He's already got three degrees and 20 patents to his name, but Robert Mostello felt like something was missing: an English literature degree.
While some people can't wait for school to be over, the same can't be said for Robert Mostello.
At age 79, this grandfather from Somerville, New Jersey has just started his first year studying at Rutgers University. And while he's already got three chemical engineering degrees to his name, this time around, he's focusing on English literature.
“To go back to school and capture some of that rich education that’s available in English literature, English history, the language, the use of the language," Mostello told InsideEdition.com. "I feel it would make me a better person and would enrich my value to anybody else."
In his younger days, Mostello, who goes by "Bob," achieved three chemical engineering degrees: a BA from New Jersey Institute of Technology and his master's and doctorate from Stevens Institute of Technology in Hoboken. He married, had four daughters and went on to work as a chemical engineer for more than 50 years, earning 20 patents in the industrial gas industry.
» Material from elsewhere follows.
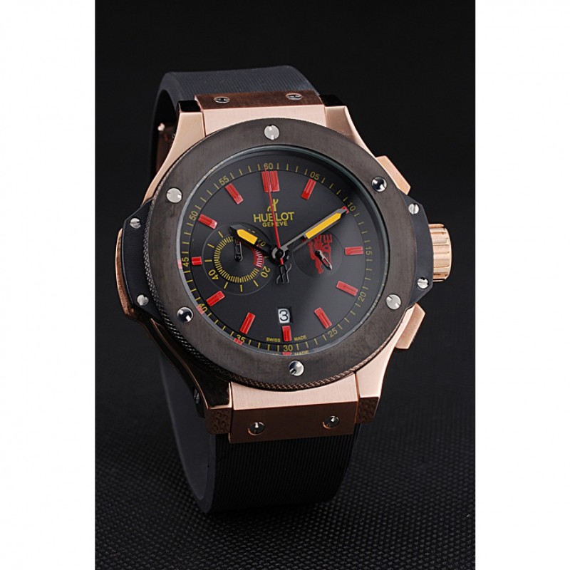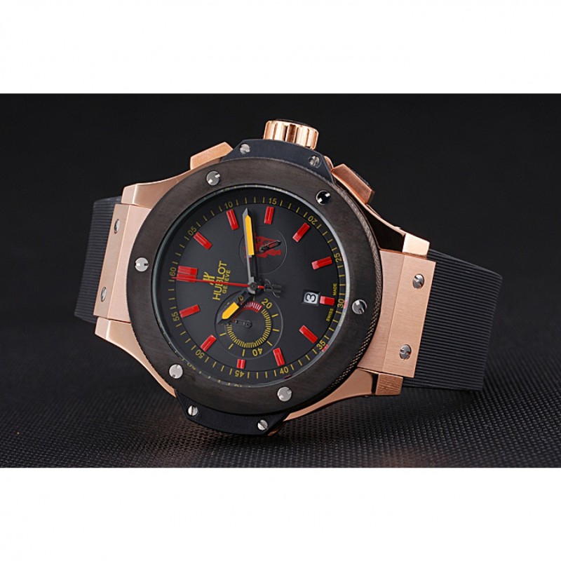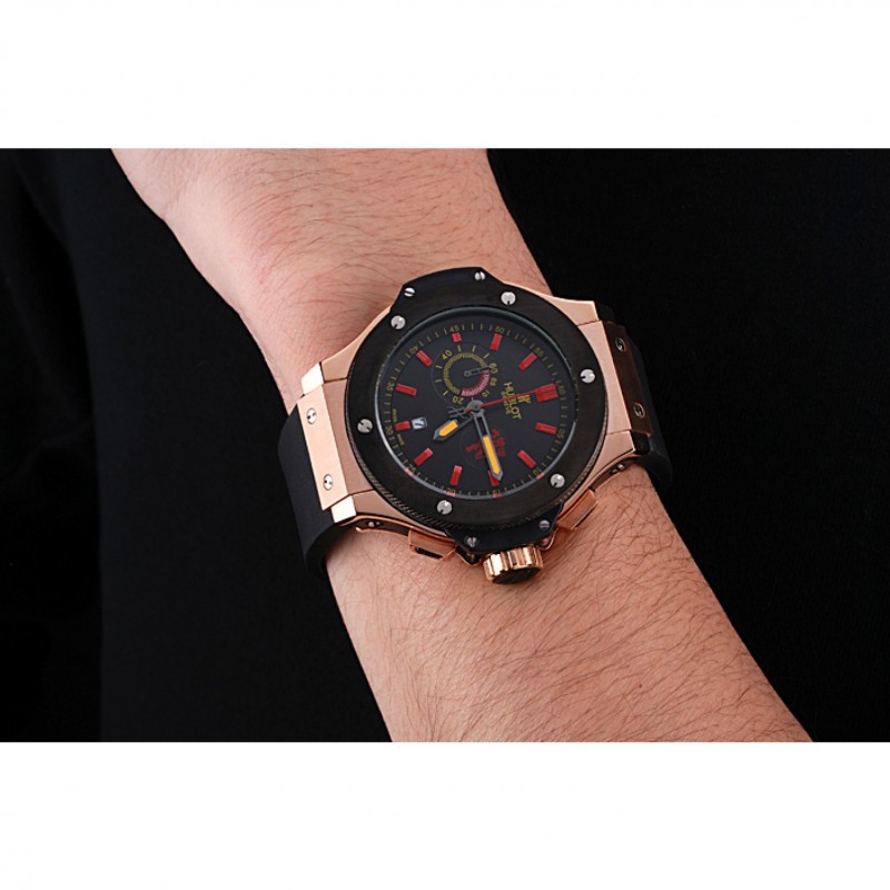 Crown: placcato oro rosa corona intaglio con Hublot perno logo gomma e perno gomma rosa-oro corone a pulsante su entrambi i lati di esso

Despite his success, he still felt something significant was missing from his education: "humanities."
He's now taking two classes: "Twentieth Century Women Writers" and "Principles of Literary Theory," where he is reading "Pride and Prejudice" and "Mrs. Dalloway." And despite his age, he fits in just fine with his teenage classmates.
“They do know I’m quite a bit older — I’m like old enough to be their grandpa, that’s for sure. But I’m pleased with the intelligence of the students and with how polite they are,” Mostello said.
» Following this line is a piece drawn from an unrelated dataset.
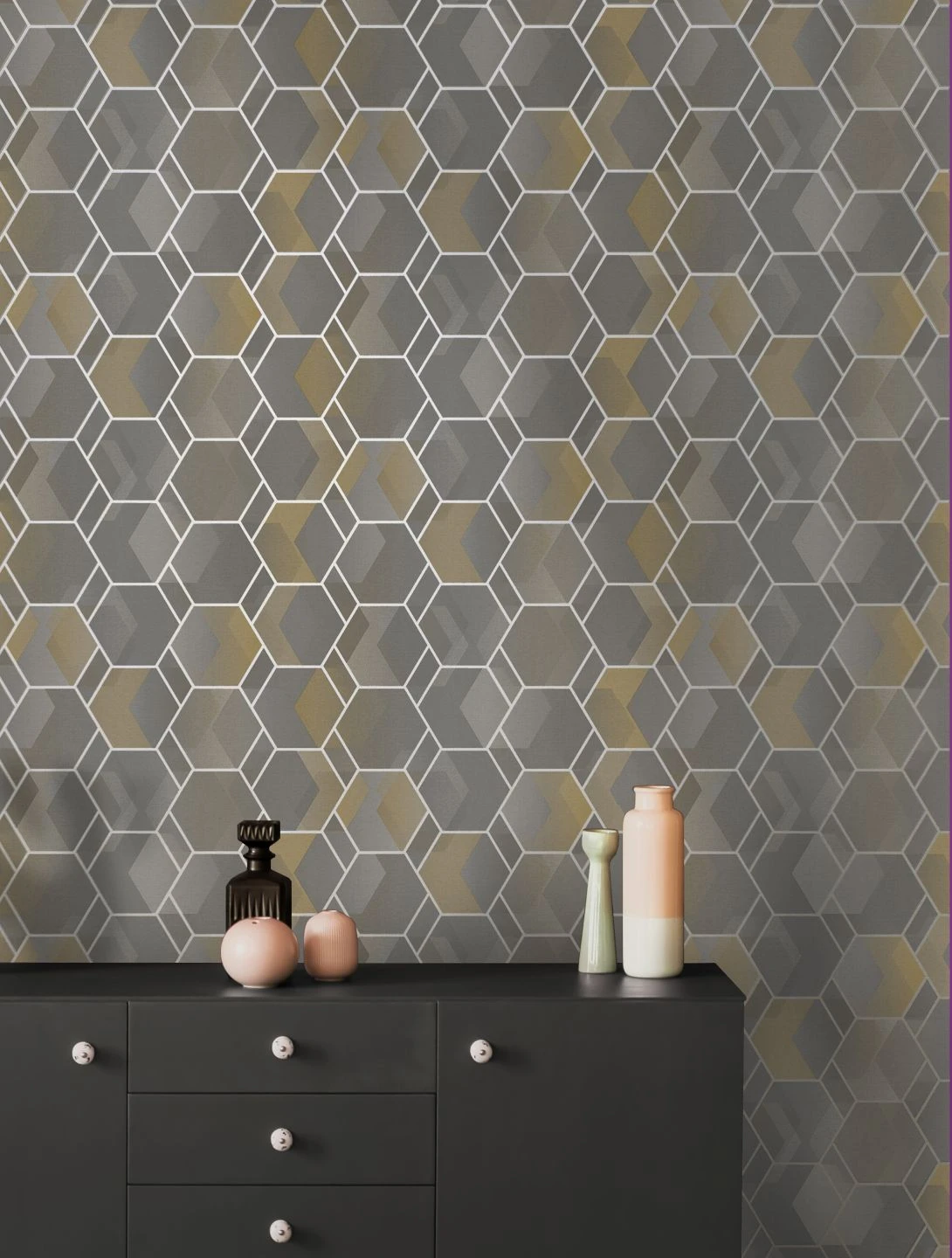 Wie einzelne Sonnenstrahlen, die beginnen, den Morgennebel aufzulösen, spielt die Vliestapete Opalino mit der spannungsvollen Kombination aus sanften, hellen Grautönen und hellgelben Farbverläufen. Das Muster von Hexagonen und Rauten, das aus den Abstufungen der Helligkeit entsteht, scheint dreidimensional und wird durch leicht schimmernde Linien in Perlbeige akzentuiert. Ein schönes Detail ist die dezente Optik geflochtener Bastmatten, die der glatte Grund der Tapete aufweist.

Not only does he attend Rutgers as a part-time student, he also works as principle engineering associate at AMCS Corporation in Bedminster.
Despite fulfilling his dream to head back to the classroom, he still has many more. Among them, he'd like to write an eight-page article in the New York Times about technical education and education in the humanities, such as English literature.
“Of course, the New York Times doesn’t know that yet,” Mostello laughed.
He is a perfect illustration that anything is possible at any time in life.
“I am getting older," he said. "I’ll be four square this year and one consolation is that Robert Redford and I are getting older together."